5.2 Women’s Observations with no Missing Values (in text)

tab23_DF <- tab23_DF %>%
              filter(gender == 0) %>%
              filter(complete.cases(.))

nrow(tab23_DF)
## [1] 512

5.3 Determinants of VDC Committee Membership (Table 23)

pe <- probitmfx(formula = 
                  member ~  metalroof + age + age2 + bornhere + years_edu + cdc_parity + years_edu*cdc_parity ,
                 data = tab23_DF, atmean = TRUE,
                 robust = TRUE, clustervar1 =  "IDS_CDCCODE" )

stars <- ifelse(pe$mfxest[,"P>|z|"] <= .01, "***", 
                ifelse(pe$mfxest[,"P>|z|"] <= .05, "**", 
                       ifelse(pe$mfxest[,"P>|z|"] <= .1, "*", "")))

tab23 <- cbind(paste0(round(pe$mfxest[,"dF/dx"],4), stars), 
               paste0("(",round(pe$mfxest[,"Std. Err."],4), ")" ))

rownames(tab23) <- c("Wealth", "Age" ,"Age2", "Born in the village", "Education (in years)", "Parity", "Parity*Education (in years)")
colnames(tab23) = c( "Beta", "(se)")
kable(tab23)
Beta (se)
Wealth 0.0607* (0.0348)
Age 0.034*** (0.0071)
Age2 -3e-04*** (1e-04)
Born in the village 0.0559* (0.0313)
Education (in years) 0.0415*** (0.006)
Parity 0.0344 (0.0584)
Parity*Education (in years) -0.0102 (0.0089)

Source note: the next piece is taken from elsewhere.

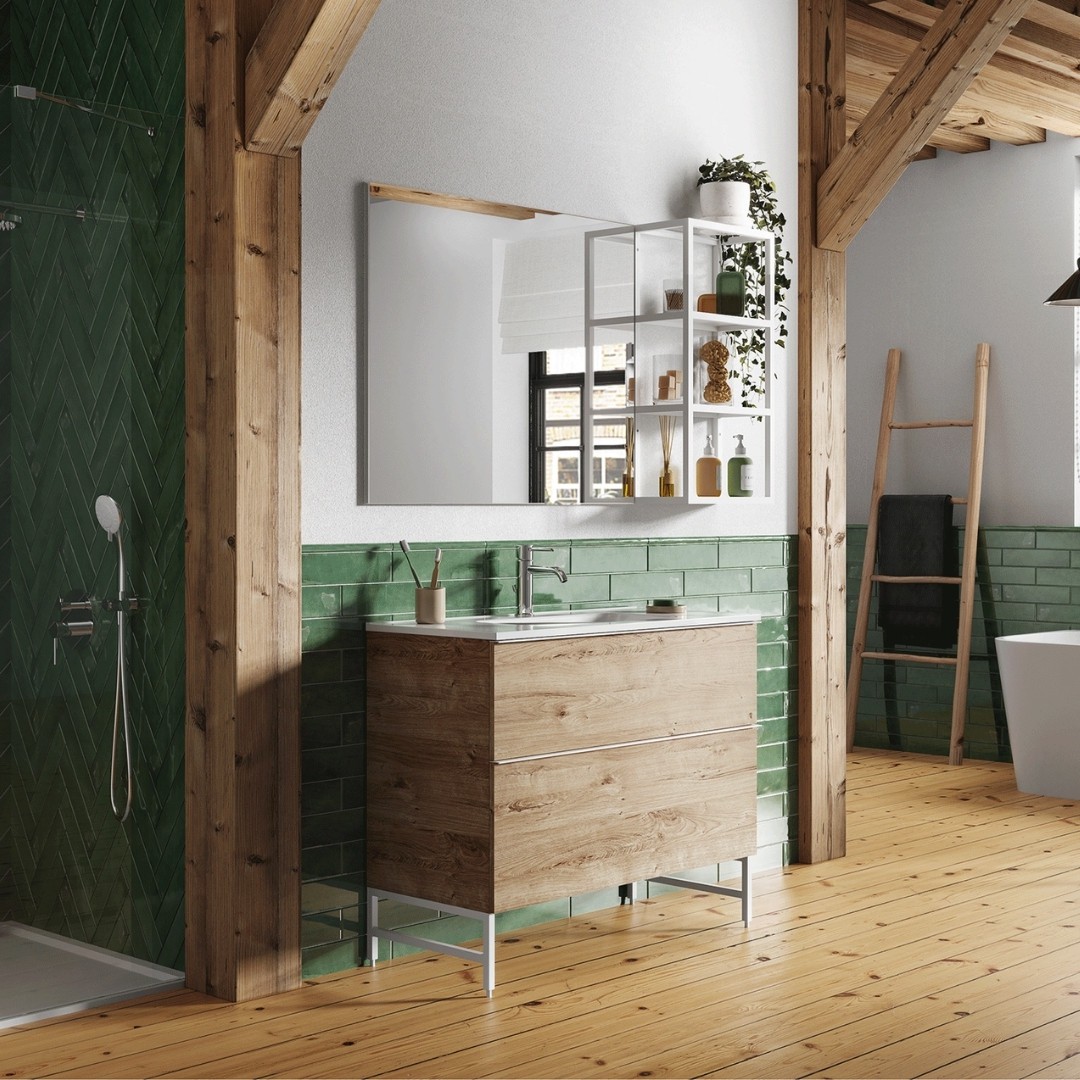 W pomieszczeniu w tym stylu świetnie sprawdzą się zarówno meble postarzane, jak i stylizowane. W łazience można zamontować także drewnianą półeczkę na różne drobiazgi, np. kosze na kosmetyki. Jeśli we wnętrzu są sprzęty, to warto je ukryć w zabudowie.

5.4 Composition of committees in Tuungane (Figure 3, Appendix F)

par(mfrow = c(2,2))
with(IRC_tracking, {
  hist(femmes[pilot_lottery==1 & cdc_parity==0], main = "Nonparity villages, Research Data", breaks = ((0:10) - .5), labels = 0:10, xlim = c(0,10), ylim = c(0,350), xlab = "Number of women")
  hist(femmes[pilot_lottery==1 & cdc_parity==1], main = "Parity villages, Research Data", breaks = ((0:10) - .5), labels = 0:10, xlim = c(0,10), ylim = c(0,350), xlab = "Number of women")
  hist(femmes[pilot_lottery==1 & cdv_parity==0], main = "Nonparity villages, Project Data", breaks = ((0:10) - .5), labels = 0:10, xlim = c(0,10), ylim = c(0,350), xlab = "Number of women")
  hist(femmes[pilot_lottery==1 & cdv_parity==1], main = "Parity villages, Project Data", breaks = ((0:10) - .5), labels = 0:10, xlim = c(0,10), ylim = c(0,350), xlab = "Number of women")
  })

composition <-  recordPlot()

This concludes the replication file.